Claims of the bungle by the International Organisation for Migration's chief of mission in Jakarta, Steve Cook, were incorrect.

"Assets were already in place to cover the route along the Javanese Coast, and both Coastwatch and Defence deployed additional assets to the Pilbara coast once the information was received about the possible departure of a SIEV (suspected illegal entry vessel) from the island of Java," Senator Ellison said.

Coastwatch's failure to detect the vessel until it was in Australia's migration zone has led to calls by Labor for a permanent coastguard - a policy it took to the last election.

But John Howard said yesterday that Labor's plan to set up a coastguard would harm the navy and weaken the defence forces.

The Prime Minister said that not only would navy personnel miss out on vital training if they were transferred to a coastguard, but they might also become union members.

"One of the consequences is that it could well mean that the personnel involved fell under union control, because a coastguard could well be within the reach of the Maritime Union of Australia, which I think all of you would agree would be a very undesirable outcome," Mr Howard said.

He said Australia's success in border control since late August 2001, at the time of the Tampa crisis, had been "remarkable, given the size of our coastline and the nature of the challenge that we faced".
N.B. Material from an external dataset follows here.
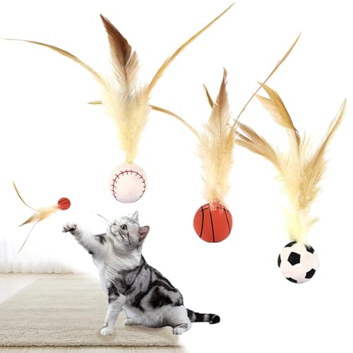 Feather Ball Cat Toy, Bouncy Tails Cat Toys for Indoor Ourdoor Cats, Mini Basketball Soccer and Baseball Interactive Bouncy Ball for Cat Dog Pet Toys Gift (3*A)
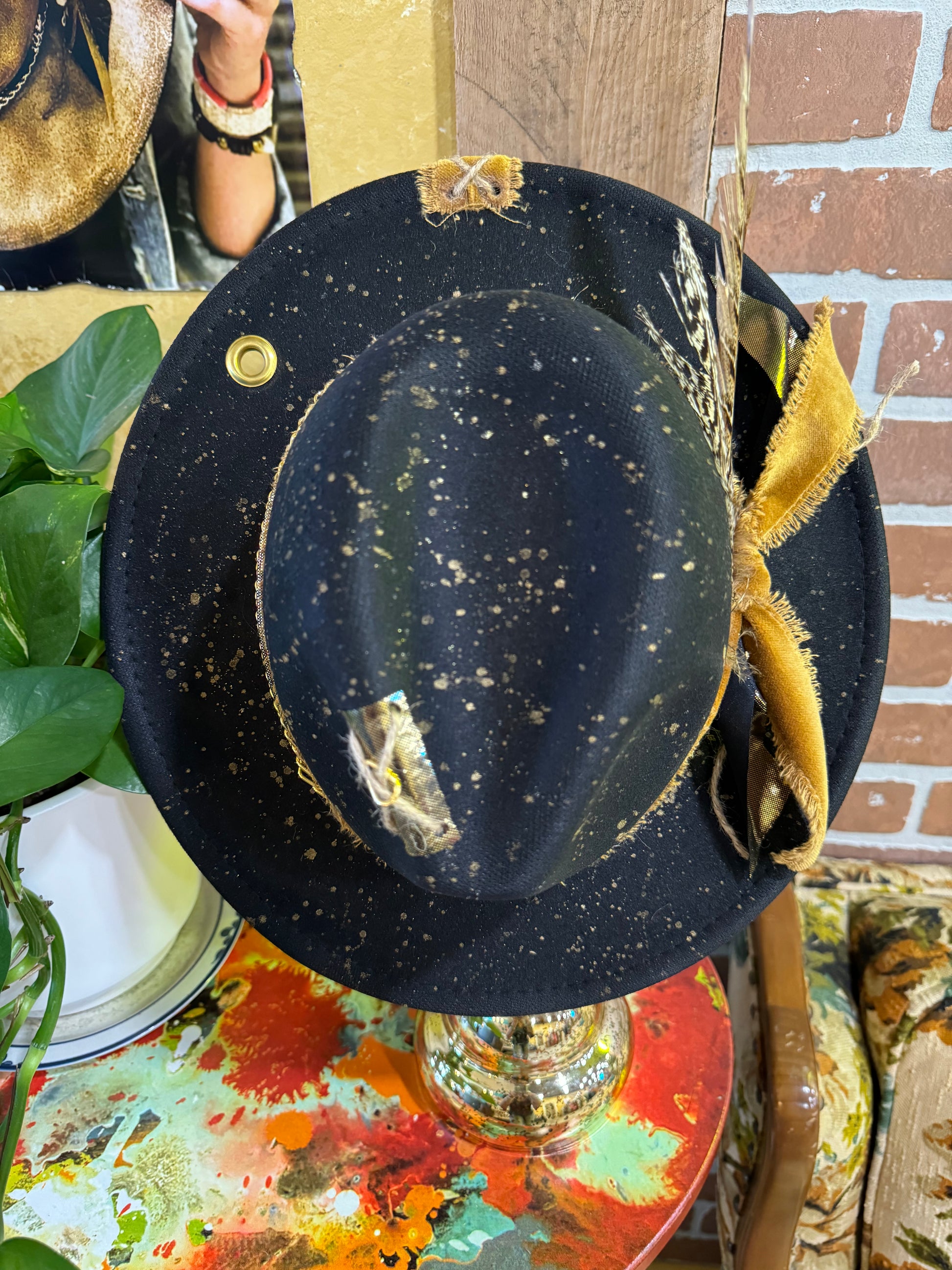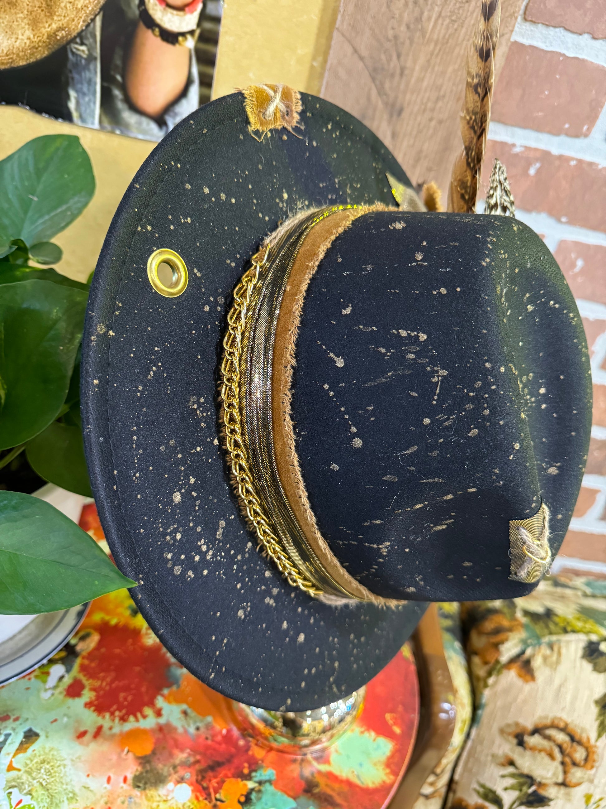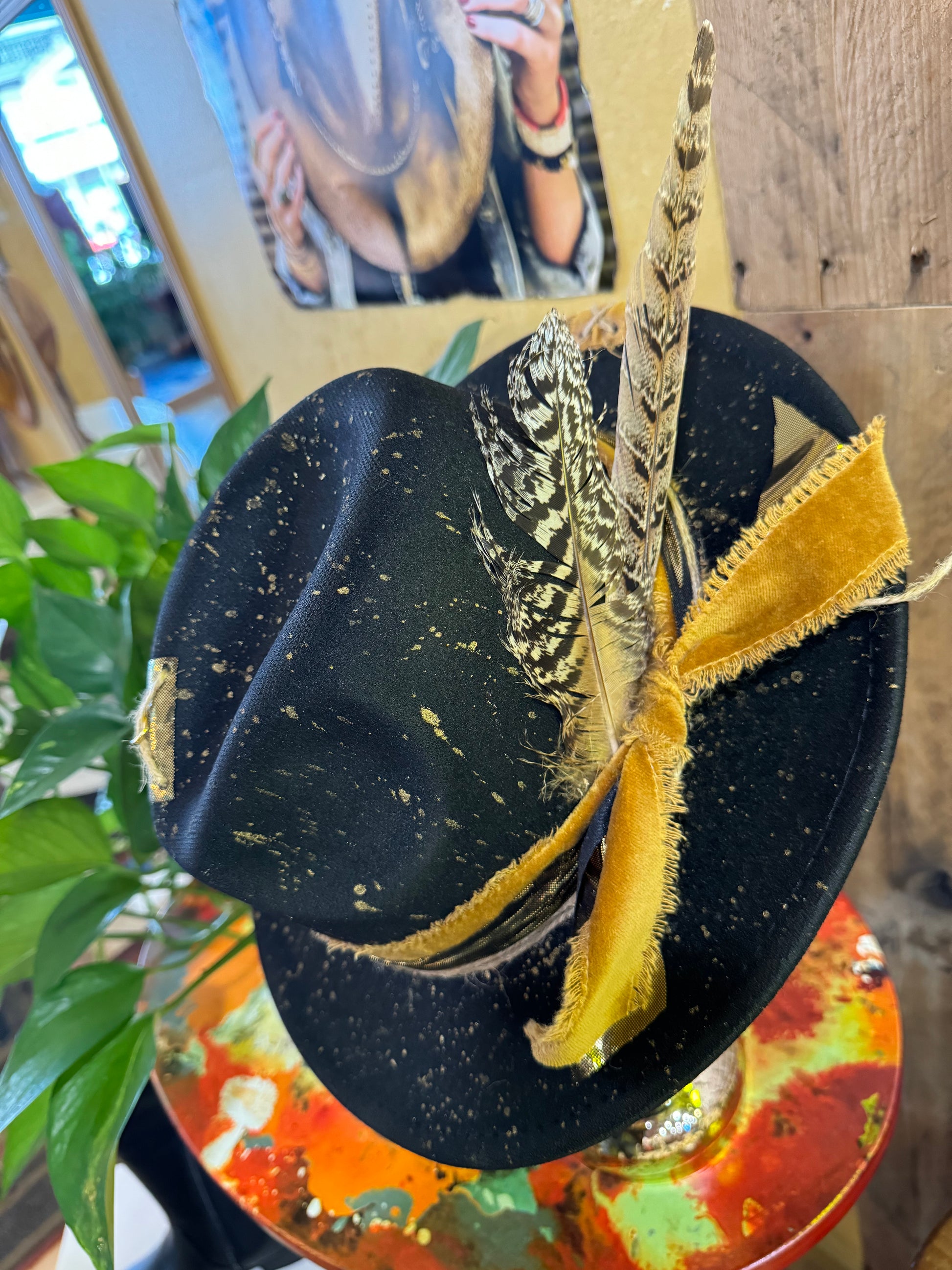 Faux felt black short brim hat, with gold accent fabrics, chain, and feathers on the side. Adjustable drawstrings inside to tighten if needed. 4.75” height. 2.75” brim. 22” circumference. 65% cotton, 35% polyester.

Until last week, when a boat carrying 53 Vietnamese asylum-seekers entered the migration zone off Western Australia, no illegal boatpeople had arrived in Australian waters since August 2001.

The federal Government continued yesterday to refuse to release figures on how much it would cost to detain the Vietnamese asylum-seekers on Christmas Island.

A spokesman for Immigration Minister Philip Ruddock said the figures would eventually be released, but they were not yet clear.

"It will obviously cost more to process them on Christmas Island," the spokesman said. "There's no doubt about that."

The Immigration Department said it was too busy processing the Vietnamese asylum-seekers to give priority to tallying the cost.